Differentiating GPG data from random data

Tue Nov 25 05:21:36 CET 2008

On Nov 24, 2008, at 5:19 PM, Ted wrote:

> Hi,
>
> Hope this is not off-topic here.
>
> I'm writing a program that searches for files that are made up of
> random data. GPG data (that is not ascii armored) is consistently
> identified by the program. That's expected as GPG data is very random.
> However, even though GPG data passes the random tests, I'm not
> interested in finding GPG encrypted files, so I thought I would write
> a routine to exclude these files based on the first few bytes of the
> file, but I'm not comfortable with doing that. It's not ideal, but
> seems to work OK. Basically I'm skipping random data files that have
> certain bytes in the beginning like so:
>
> Symmetric:
> Hex(8c 0d 04 03)
> Dec(140 13 4 3)
>
> Asymmetric:
> Hex(85 02 0e 03)
> Dec(133 2 14 3)
>
> This works well in informal testing on multiple systems running
> various versions of GPG, but I bet it will fail a lot in the real
> world after reading the RFC's. That's why I thought I might pose the
> question to this list. Is there a simple way to skip most GPG
> encrypted files without implementing 4880? It does not have to be
> perfect, but perhaps there is something better than what I have
> described above.

Those bytes will more-or-less work, but as you say won't catch  
everything.  In OpenPGP, the first few octets cover the length and  
type of the packet, so those bytes hardcode a particular length, which  
is probably not what you want.  For example, the "85 02 0e 03" from  
your example is an old-style encrypted session key that is 526 bytes  
long, which will only match a particular key size.

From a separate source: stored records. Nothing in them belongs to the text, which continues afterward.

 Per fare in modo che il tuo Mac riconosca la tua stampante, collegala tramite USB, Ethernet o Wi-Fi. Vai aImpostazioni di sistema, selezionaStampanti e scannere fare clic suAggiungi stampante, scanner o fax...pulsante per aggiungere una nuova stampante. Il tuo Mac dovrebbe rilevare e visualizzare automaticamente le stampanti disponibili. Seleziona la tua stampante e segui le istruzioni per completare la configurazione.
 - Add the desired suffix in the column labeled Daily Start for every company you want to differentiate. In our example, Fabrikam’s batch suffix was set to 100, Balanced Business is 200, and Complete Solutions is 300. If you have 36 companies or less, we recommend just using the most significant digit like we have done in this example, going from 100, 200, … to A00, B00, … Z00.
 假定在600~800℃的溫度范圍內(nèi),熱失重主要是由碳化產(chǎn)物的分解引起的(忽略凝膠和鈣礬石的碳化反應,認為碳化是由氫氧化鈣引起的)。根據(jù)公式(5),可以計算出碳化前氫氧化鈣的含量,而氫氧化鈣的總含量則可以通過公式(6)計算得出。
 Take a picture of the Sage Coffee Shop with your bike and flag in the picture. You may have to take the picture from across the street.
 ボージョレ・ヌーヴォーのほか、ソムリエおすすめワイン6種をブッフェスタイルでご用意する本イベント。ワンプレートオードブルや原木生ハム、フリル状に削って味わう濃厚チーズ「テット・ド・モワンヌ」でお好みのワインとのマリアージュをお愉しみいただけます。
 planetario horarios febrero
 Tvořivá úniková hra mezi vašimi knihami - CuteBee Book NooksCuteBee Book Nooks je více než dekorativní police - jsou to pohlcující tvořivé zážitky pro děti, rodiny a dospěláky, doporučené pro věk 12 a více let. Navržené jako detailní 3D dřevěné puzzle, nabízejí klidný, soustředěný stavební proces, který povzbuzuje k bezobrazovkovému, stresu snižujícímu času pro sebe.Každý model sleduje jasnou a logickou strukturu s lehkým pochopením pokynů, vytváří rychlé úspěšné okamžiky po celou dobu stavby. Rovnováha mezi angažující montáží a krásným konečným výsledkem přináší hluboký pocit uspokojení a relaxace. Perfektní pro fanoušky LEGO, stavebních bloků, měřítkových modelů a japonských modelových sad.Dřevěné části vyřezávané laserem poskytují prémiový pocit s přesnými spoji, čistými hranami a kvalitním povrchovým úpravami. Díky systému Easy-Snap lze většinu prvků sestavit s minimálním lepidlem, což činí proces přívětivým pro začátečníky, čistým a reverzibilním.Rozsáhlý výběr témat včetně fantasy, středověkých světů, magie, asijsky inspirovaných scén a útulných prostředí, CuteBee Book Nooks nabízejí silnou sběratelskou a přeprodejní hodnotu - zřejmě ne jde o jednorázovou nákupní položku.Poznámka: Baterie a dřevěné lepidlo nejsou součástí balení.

The problem is that OpenPGP has so many different ways to encode a  
particular packet, that writing a rule loose enough to match them all  
will inevitably have a huge number of false positives.  For example,  
hex 84, 85, 86, and C1 can all indicate an asymmetrically encrypted  
message.  85 is the most common (and 84 would be extremely uncommon),  
but they are all possible.  Some OpenPGP programs start with or A8,  
A9, AA, or CA (though it is virtually always A8).  GPG will read such  
a message, but doesn't generate it.

For your purpose, is it better to have false positives or false  
negatives?  That is, it is better to accidentally include some GPG  
files, or better to accidentally exclude some files?  That would help  
in figuring out how many bytes you want to match on.

David